Group proposes chief risk officer for markets
A systemic risk regulator should act as the chief risk officer responsible for overall U.S. financial markets, according to a survey published by a financial markets trade association on Monday.
Lawmakers, trying to reach a compromise on financial regulation aimed at preventing a repeat of the global economic crisis, are considering forming a systemic risk council.
Anticipating legislation, accounting firm Deloitte and the Securities Industry and Financial Markets Association surveyed 22 organizations, including banks, insurers, hedge funds, exchanges and regulators.
These institutions identified broad factors such as firm size, liquidity, leverage and correlation that contribute to systemic risk.
Regardless of the form the regulator takes, it should cover systemically important financial institutions, markets and underlying risks, according to the study.

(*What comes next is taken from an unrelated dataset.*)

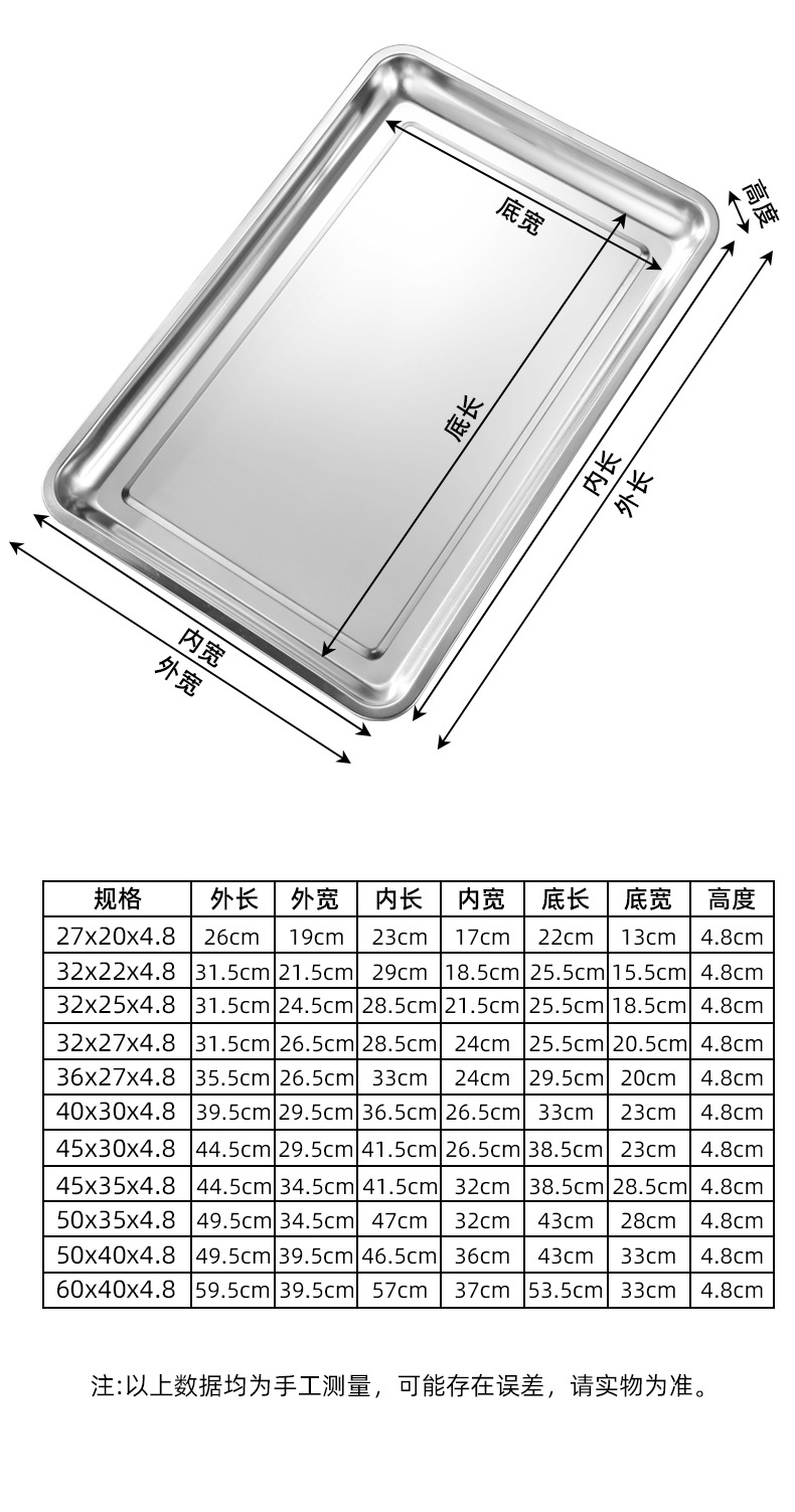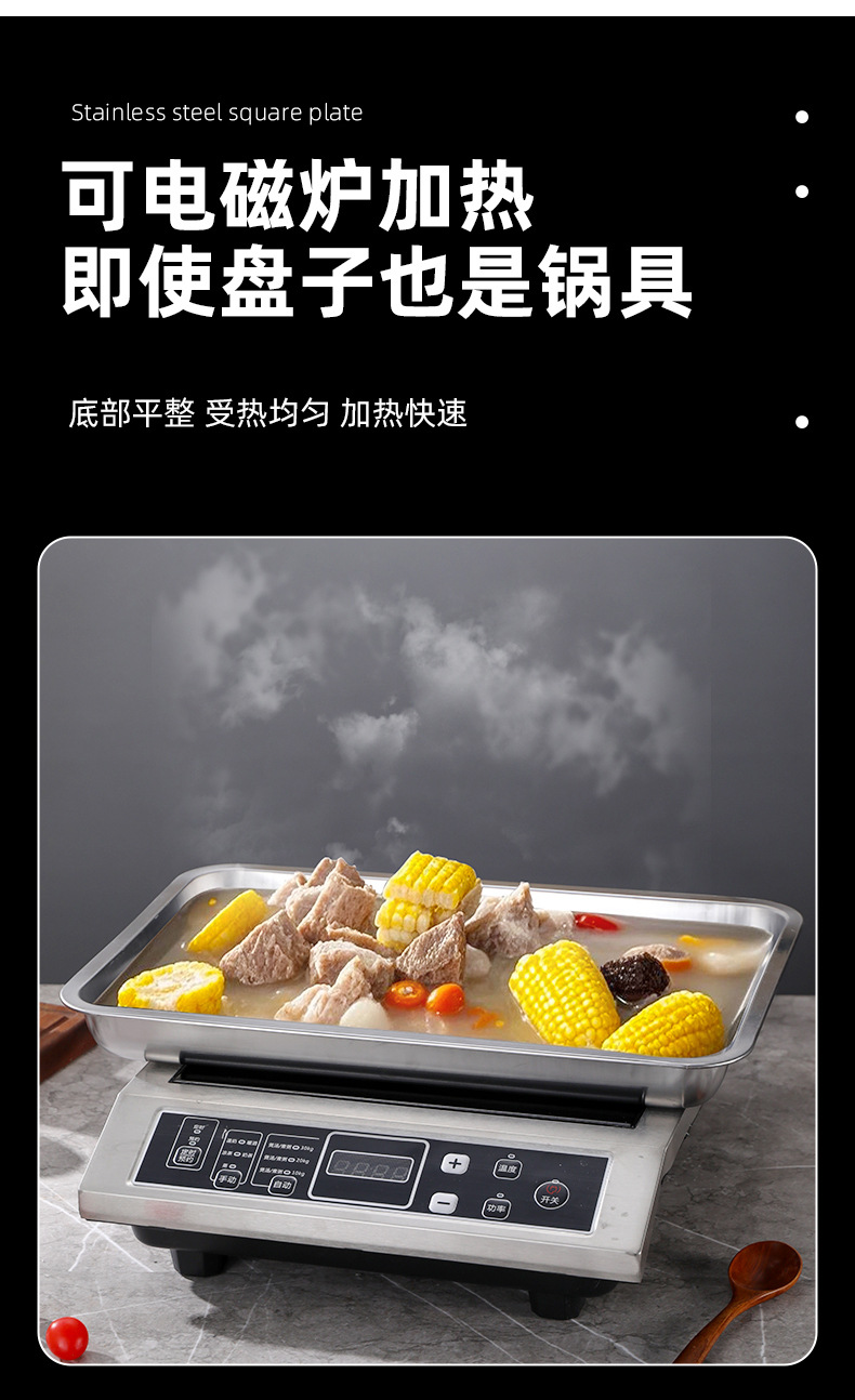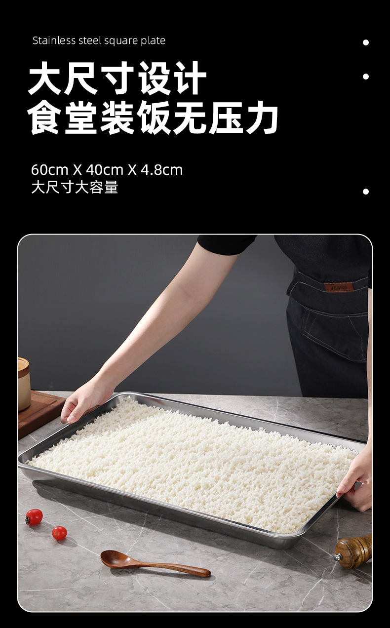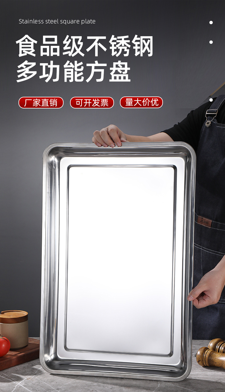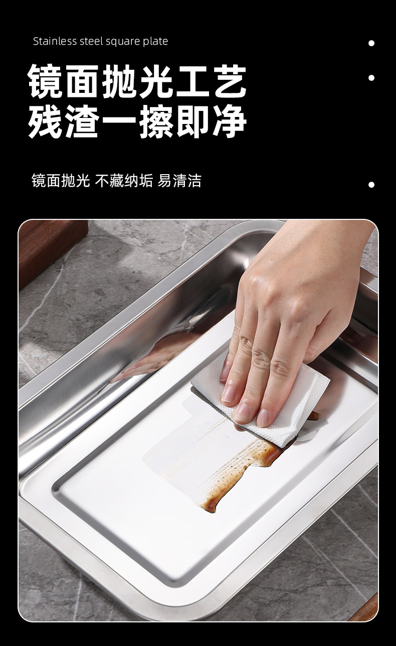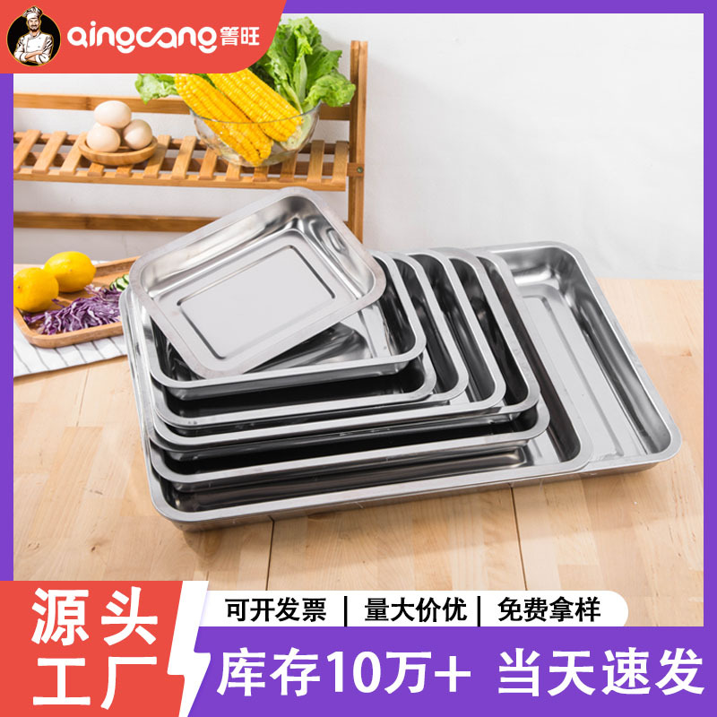 [무료 배송] 스테인레스 스틸 사각 접시, 밥 접시, 바베큐 접시, 상업용 가정용 만두 접시, 접시 트레이, 저녁 식사 접시

The study covered eight different approaches to monitoring systemic risk. These included stress tests, analyzing risk sensitivities and reporting concentration exposures within institutions and markets. The study then discussed the costs of such strategies and their effectiveness, as well as assessing the information a systemic risk regulator might need to effectively monitor markets.
Survey participants agreed that more transparency is needed on over-the-counter derivatives and that the industry must improve monitoring of leverage and risk concentrations.
Bills from the U.S. Senate and House of Representatives have proposed establishing a council of regulators chaired by the U.S. Treasury to monitor the financial big picture and to spot and head off the next crisis.
Last week negotiators began hammering out details to create such a council, along with tackling other proposals from the two competing bills aimed at overhauling financial regulation.